Closed zesch closed 9 months ago
I removed two instances where a CAS was redundantly created and then not used in tests that used these fixtures.
But there seem to be more instances where these fixtures are used, e.g.:
def test_select(small_typesystem_xml, tokens, sentences):
ts = load_typesystem(small_typesystem_xml)
cas = Cas(typesystem=ts)
cas.add_all(tokens + sentences)
That is a bit of a quirky case because it means that the tokens/sentences that were created on some CAS originally are now transplanted to a new one (in this case an empty one that does not even contain any text) and that makes them a bit of zombie annotations. For testing, it seems ok though and there can be cases where such a transplantation can make sense.
Any suggestion what to do here - if anything?
How about not creating the Cas in the test, but as part of the fixture? That way there is only one place where the annotations are bound to the Cas, so less room for using this wrong. Along those lines:
@pytest.fixture
def cas_simple(typesystem_xml, tokens, sentences):
ts = load_typesystem(typesystem_xml)
cas = Cas(ts)
cas.sofa_string = CAS_TEXT
cas.add_all(tokens)
cas.add_all(sentences)
return cas
If I understand your example correctly, then this is a new cas_simple
fixture which gets injected with some pre-defined tokens
and sentences
which are then added to the CAS. But since the tokens and sentences do not know the CAS text, how could they have sensible offsets?
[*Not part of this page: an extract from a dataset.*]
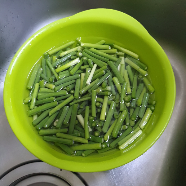 2. 손질해 놓은 마늘쫑을 깨끗한 물에 잘 세척을 한다.

I think this would only work if the tokens/sentences would not be injected but rather generated using tokenizer/sentence splitter on the CAS text.
I wanted to stay as closely to the existing fixture structure, but you are right, this does not solve the underlying issue.
There seems to be some confusion about the relationship between annotations and Cas in the fixtures, e.g. here https://github.com/dkpro/dkpro-cassis/blob/49a66ee108b66a8f139ec4a5d2207b6884a96a60/tests/fixtures.py#L441-L465 AFAICT, adding the annotations to the Cas does not do anything, as only the tokens are returned later. (the same for sentences fixture)
Adding annotations to the CAS sets the sofa
property inside the annotation. That is used in particular by annotation.get_covered_text()
to retrieve the annotated text. If an annotation has not been added to a CAS, that method is defunct.
ok I see. That makes sense. Thanks for correcting my understanding :)
The tokens() and sentences() fixtures internally create a Cas but it is never returned. Thus the sofa_string is not set. Some test that rely on get_covered_text then individually set the sofa_string, but this could introduce inconsistencies.
Suggested improvement: create a fixture that directly returns a Cas and consistently sets the sofa_string to the actual tokens.